Christmas time is my favorite time of the year! It’s not about the presents for me, it’s about the baking! Not only do we bake all different kinds of cookies, we also bake special breads, like this Pandolce Genovese.
This month we are baking Holiday Breads that are perfect to celebrate the holiday season. For more bread recipes, visit the #TwelveLoaves Pinterest board, or check out last month’s inspiring selection of #TwelveLoaves Thanksgiving Biscuits and Rolls!
- Buttermilk Honey Santa Bread from Kudos Kitchen
- Cranberry Cinnamon Swirl Bread from Baking in Pyjamas
- Christmas Morning Crown from All That’s Left are the Crumbs
- Cranberry Orange Muffins from Hostess at Heart
- Fruity Santa Bread from Cheap Ethnic Eatz
- Pandolce Genovese from Savoring Italy
- Pecan Kringle from Karen’s Kitchen Stories
- The Precise Kitchen Elf’s Panettone from Culinary Adventures with Camilla
- 1/2 tsp. active dry yeast
- 1/2 cup warm milk
- 1/2 cup butter softened plus additional for greasing
- 3/4 cup sugar
- 1 tbsp. fennel seeds
- 1 egg lightly beaten
- 2 tsp. vanilla extract
- 4 tsp. orange flower water
- 3 1/2 cups flour
- 1/2 cup dried currants
- 1/3 cup golden raisins
- 1/3 cup finely chopped candied I used grated zest from one orange
- orange rind
- 1/3 cup pine nuts I used chopped whole almonds in this one
- Prepare the filling ingredients and set aside in a small bowl.
- Dissolve yeast in milk in a small bowl. Set aside until foamy, about 10 minutes.
- Meanwhile, beat butter in an electric mixer and gradually add sugar, beating until mixture is light and fluffy. Mix in the egg, vanilla, and orange flower water, and mix thoroughly.
- Add milk and dissolved yeast and mix. (Mixture may appear slightly curdled.)
- Switch to the dough hook and gradually add flour, mixing thoroughly.
- When dough is smooth, mix in currants, raisins, orange rind, and pine nuts. The dough will be moist. Transfer dough to a large greased bowl. Cover with a clean dish towel and set aside in a warm place to rise for 3–4 hours. (Dough may only rise a little; this is a dense bread.)

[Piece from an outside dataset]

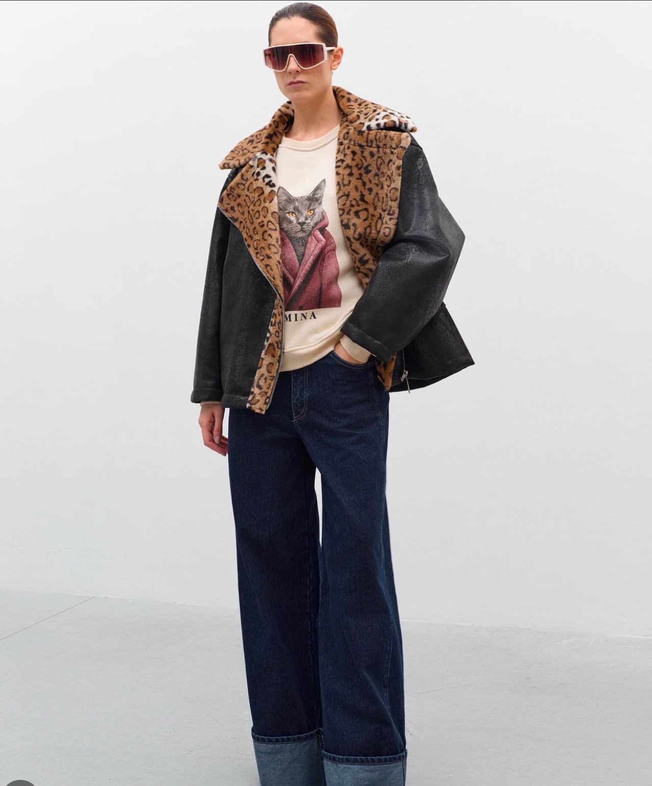 -Chupa oversize con interior y solapa cuello de pelo animal print.
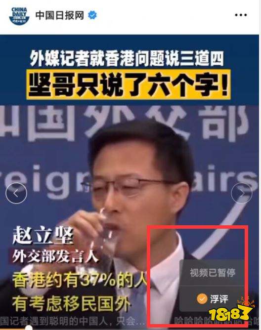 2、这时候在视频号视频的右下角会出现视频已暂停的信息,然后下面还有一个打钩的浮评,这个浮评就是所谓的弹幕评论。

- When you put the dough in the greased bowl, make sure it is smooth on top because when it ready to bake, you will just transform it directly from the bowl to the parchment lined baking sheet.
- Preheat oven to 375°. Your dough may be sticky. If so, wet your hands before transferring the dough to your parchment lined cookie sheet. Shape into a 6″ round and make a tic-tac-toe (#) pattern on top of the bread with a sharp knife.
- Bake until golden, 45 minutes to 1 hour. *I checked my bread after about 40 minutes and lowered the heat to 350 and tented it with aluminum foil so it wouldn’t brown too much more during the remainder of the baking time.
- Cool completely. To serve, cut or break into small pieces and serve with sweet wine, if desired. (Store in an airtight container.)